Aaaaaagh!!! Harus kemana lagi setelah ini..aku tak banyak kenalan diluar untuk sebuah persinggahan.
“kenapa duduk sendirian ditepi jalan mbak” goda sekilas tiga orang laki-laki yang melintas didepanku,ketiganya tampak lebih muda dariku,alias ABG.
“arif..” ya arif…kenapa aku tidak kekontakan arif saja. Aku meraba-raba seluruh kocek celana bermaksud mencari ponselku.
Uuuuuhh,ponselku aku lempar diatas ranjang tadi. Mau tak mau aku melanjutkan perjalananku kerumah arif dengan berjalan kaki,untung rumah arif tak terlalu jauh dari tempat aku beristirahat tadi.
Setelah kurang lebih 15 menit berjalan akhirnya sekarang aku berada tepat didepan kontrakan arif. Mengetuk pintu itu yang pertama kali cepat dilakukan.
“rif..” sapaku dengan suara serak. Tak lama terdengar langkah kaki yang mengarah kepintu dan pintu terbuka sekarang.
“sinar..” dengan wajah herannya ia membawaku masuk dan menyodorkan segelas air putih kepadaku,tanpa basa basi lagi ku teguk saja air putih itu sampai habis karena kebetulan tenggorokanku juga mengering setelah berjalan dengan jarak yang mencapai berkilo-kilo meter itu.
“ada masalah lagi?” arif membuka pembicaraan.
Aku mengangguk. Arif mendekat dan merapikan poniku yang berantakkan,ia tak berbicara namun polahnya yang sedang berbicara yaitu dengan sentuhan-sentuhan lembutnya yang mengusap rambutku,pipiku,dan bahuku sebagai pengganti ucapan-ucapannya yang bisa membuat aku akan tenang sedikit. Tapi kenapa rasanya kali ini semua respon itu tak peka terhadapku,aku tak merasa tenang sama sekali. Bersyukur arif langsung mengerti akan sikapku.

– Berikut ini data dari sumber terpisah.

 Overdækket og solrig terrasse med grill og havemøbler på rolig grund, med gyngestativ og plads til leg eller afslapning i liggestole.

“kalau udah siap cerita aku ada diluar” arif meninggalkanku dikamarnya sendirian. Itu..itu senjata ampuh arif saat menghadapi aku yang seperti ini,manusia bermasalah.
10 menit…
20 menit…
30 menit…
1 jam…
Aku baru berniat mencari arif. Kulihat arif tengah memperhatikan sesuatu dengan sangat serius dilaptop-nya. Aku duduk disampingnya,ternyata foto-foto konyolku bersama arif yang terpampang.
“liat deh,kita kayak orang gila ya gaya ginian?” ujar arif seraya terkikik kecil. Memang,difoto itu aku dan arif bergaya ala monyet yang lagi jatuh cinta,lucu,gila plus pede. Aku ingat benar kalau foto itu diambil 6 bulan yang lalu saat kami merayakan ulang tahun arif yang ke 21 tahun.

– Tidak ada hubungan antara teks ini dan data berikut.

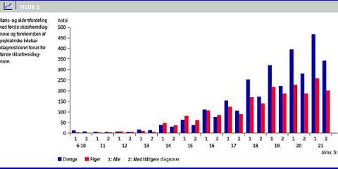 Introduktion: Formålet var at øge forståelsen af skizofreniudvikling hos børn og unge. Der blev foretaget en alders- og kønsspecifik analyse af børn og unge, som fik diagnosticeret skizofreni. Analysen indeholdt beregninger af incidensraten for skizofreni, skizofreniundertyper og opgørelse af registrerede psykiatriske diagnoser forud for første skizofrenidiagnose.

“jadi pengen ngulangin masa-masa itu lagi” lanjut arif seraya merebahkan kepalaku kebahunya dengan tangannya. Tapi apa arif akan tetap ingin mengulang masa-masa itu dan tetap akan seperti ini setelah tau aku adalah seorang…
Aku terisak dibahu arif,menangis dengan suara keras lantas memeluk erat arif. Sudah tak mampu untuk menahannya,sudah tak mampu untuk menampungnya. Tak mampu gadis seperti aku harus menjalani semuanya sendiri tanpa ada yang menemani.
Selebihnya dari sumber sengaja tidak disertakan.